Amphetamines and UK Law
Under the UK law, amphetamines are controlled substances. The relevant statutes are the Medicines Act and the Misuse of Drugs Act 1971. Therefore, doctors can prescribe them to patients legally, but any other unauthorized production, supply or possession is a criminal offense.
The Act divides controlled substances into three classifications:
Class A Drugs
Class B Drugs
- Class A drugs are considered the most dangerous and carry the harshest penalties for manufacturing, possessing or distributing them.
- Amphetamines manufactured for injecting fall within this category.
- Methamphetamine was declared a Class A drug in 2007.
- The penalty for possession of amphetamines in this form is an unlimited fine and/or imprisonment of up to seven years.
- The penalty for dealing injectable speed is an unlimited fine and/or life in prison.
Class C Drugs
- Amphetamines that are not prepared for injection are considered Class B drugs.
- Possession of a Class B drug carries a penalty of an unlimited fine and/or up to five years in prison.
- A conviction for dealing Class B drugs means the individual will be subject to an unlimited fine and/or a prison sentence of up to 14 years in prison.
- Certain amphetamine-based drugs, including Benzphetamine, are included in this classification.
- The penalty for possession of a Class C drug is an unlimited fine and/or up to two years behind bars.
- A person who is convicted of dealing one of these substances is subject to the same penalty as if the substance was a Class B one (unlimited fine and/or up to 14 years imprisonment).
United States Law and Speed
In the US, amphetamines are categorized under Schedule III, since they act on the central nervous system. Drugs classified in this manner share these characteristics:
- They have a potential for abuse, but this potential is less than that associated with opium or cocaine use.
- They have some accepted medical use in the U.S.
- Using the drug has the potential to produce a mild to moderate physical dependence.
- The drug has a high potential for psychological dependence.
Under U.S. law, it is illegal to manufacture, distribute or possess a controlled substance. A person who is convicted of manufacturing, possessing or distributing more than 5 grams of methamphetamine is subject to these penalties:
- Imprisonment of between 5 and 40 years.
- If death or a serious injury occurs, the minimum prison sentence increases to 20 years and the defendant may be sentenced to up to life in prison.
- A fine of up to $2 million for an individual and $5 million for a defendant other than an individual may be imposed.
For a second offense, the minimum prison sentence goes up to 10 years.
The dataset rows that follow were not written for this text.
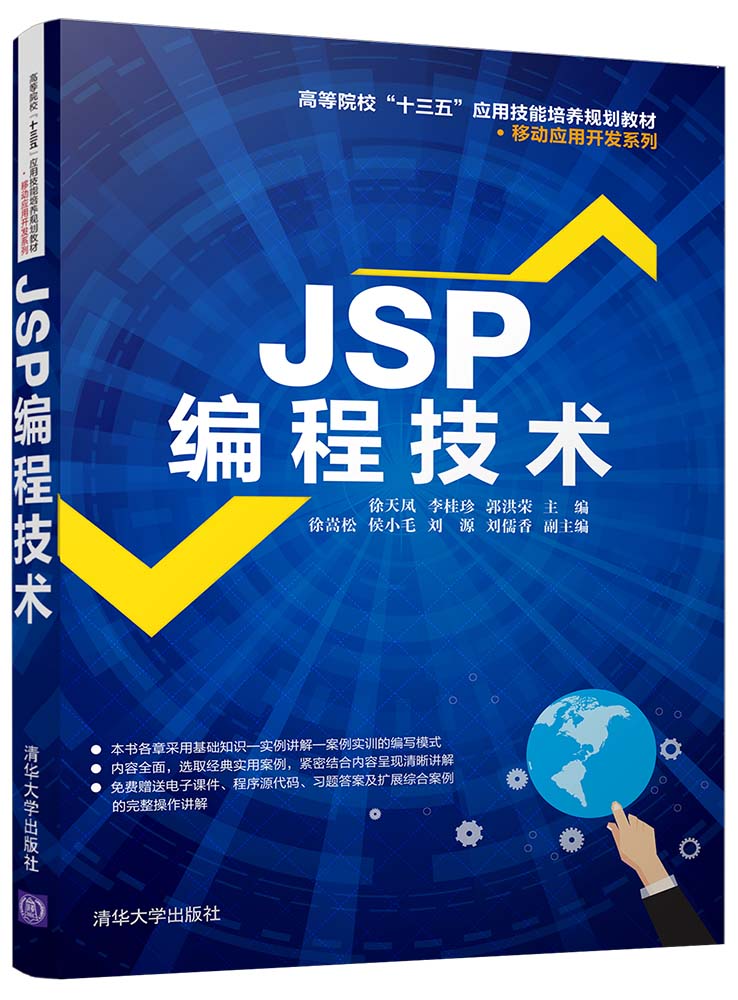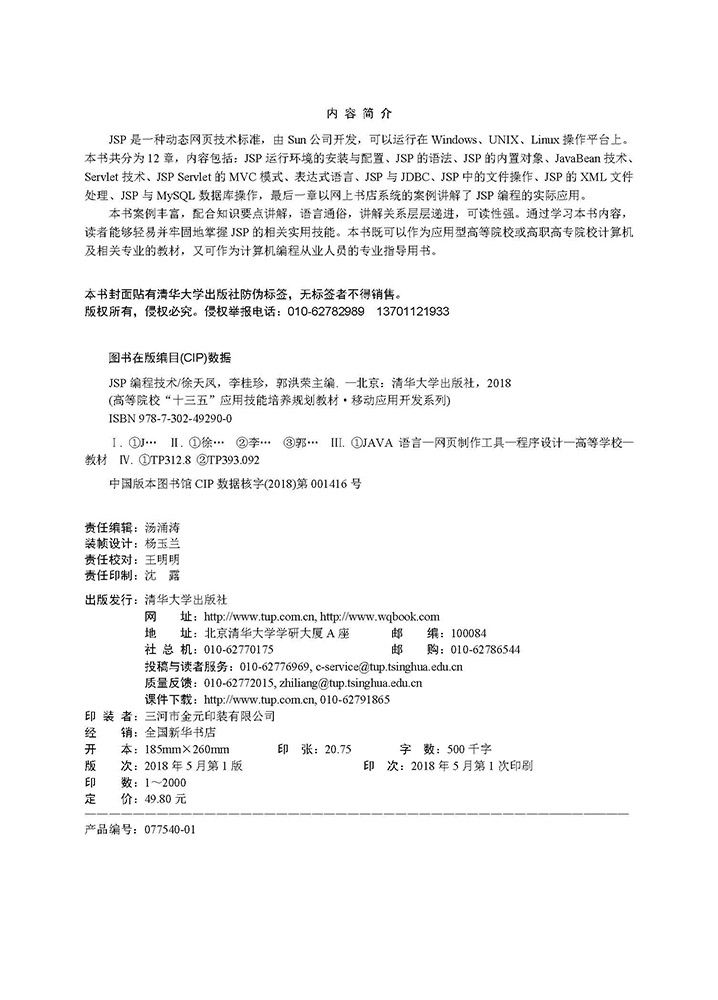 《JSP编程技术》共分为12章,具体内容介绍如下。第1章:JSP基本概述。主要介绍JSP的定义、特点、工作流程、组成元素以及相关的安装与配置。第2章:JSP基础语法知识。主要介绍JSP的基本语法(注释、声明、代码段、表达式)、JSP程序开发模式、调试处理、JSP指令标记和动作标记的使用。第3章:JSP的内置对象。主要介绍JSP中的application、request、response、pageContext、session、out、config Servlet、page JSP、exception 9个内置组件的应用。第4章:JavaBean技术。主要介绍JavaBean的定义、工具、规范、属性、事件应用。第5章:Servlet技术。主要介绍Servlet的定义、特点、生命周期、类的方法、跳转的使用、异步处理。第6章:JSP Servlet的MVC模式。主要介绍JSP Servlet的MVC模式,包括模型的生命周期与视图更新、注册登录、与数据库的连接以及文件操作。第7章:表达式语言。主要介绍EL表达式的定义及特点,以及EL表达式的语法、运算规则、内置对象。第8章:JSP与JDBC。主要介绍JDBC的定义、产品组件、建立JDBC连接、JDBC包。第9章:JSP中的文件操作。主要介绍JSP的文件操作,包括File类、字节流读/写文件、RandomAccessFile类、文件的上传或下载。第10章:JSP的XML文件处理。主要介绍XML的定义、用途、基本语法、命名规则、元素的定义、XML的解析方法(DOM、SAX、DOM4j)。第11章:JSP与MySQL数据库操作。主要介绍MySQL数据库的安装、配置、基础操作以及连接JSP的基本操作。第12章:网上书店系统设计。主要利用JSP开发一个网上书店系统,从用户登录、用户选书,到提交订单的每个功能模块的代码都进行了全面详细的分析。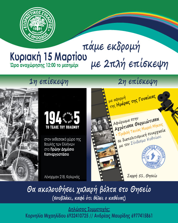 Μετά την προβολή θα ακολουθήσει ΕΛΕΥΘΕΡΗ ΒΟΛΤΑ για καφέ ή φαγητό στο Θησείο και επιστροφή το απόγευμα.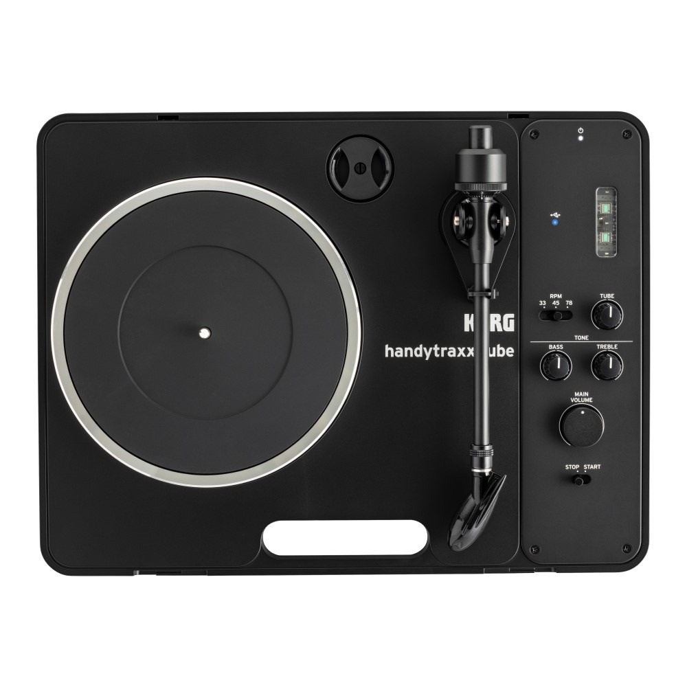 In an era dominated by digital music, the handytraxx tube bridges the gap between modern ease and vintage charm. With built-in stereo speakers, battery operation, and a portable design, it brings warm analog sound wherever you are. Its aluminium die-cast platter ensures precise rotation, while the balanced tonearm and integrated phono amp—powered by Korg's Nutube technology—provide superior sound quality in a compact form.

The fines also increase to up to $4 million for an individual and $10 million for an entity other than an individual.
The penalties for being convicted of possession of more than 50 grams of methamphetamine are as follows:
- A sentence of 10 years to life in prison; if a death or serious injury results from distributing the drug, the penalty increases to 20 years to life.
- A heavy fine of up to $4 million for an individual and $10 million if the defendant is not an individual.
When the offense is committed by someone with a prior conviction for possessing or distributing methamphetamine, the penalties increase. The minimum sentence in this case is 20 years in prison. Where a death or serious injury resulted from the sale or distribution of the drug, the defendant in the case may be sentenced to life in prison. A third conviction means the defendant will automatically be sentenced to life in prison.
Canadian Law and Bennies
In Canada, amphetamines are a Schedule III substance under the Controlled Drugs and Substances Act. Possession of a small amount of the drug is treated as a summary offense under the Act. On conviction, the accused is subject to a fine of up to $1,000 or six months in jail, or both.
In a case where the individual has a previous conviction or the amount of the drug in question is larger, the penalties increase. Being convicted of trafficking carries a sentence of up to 10 years in prison.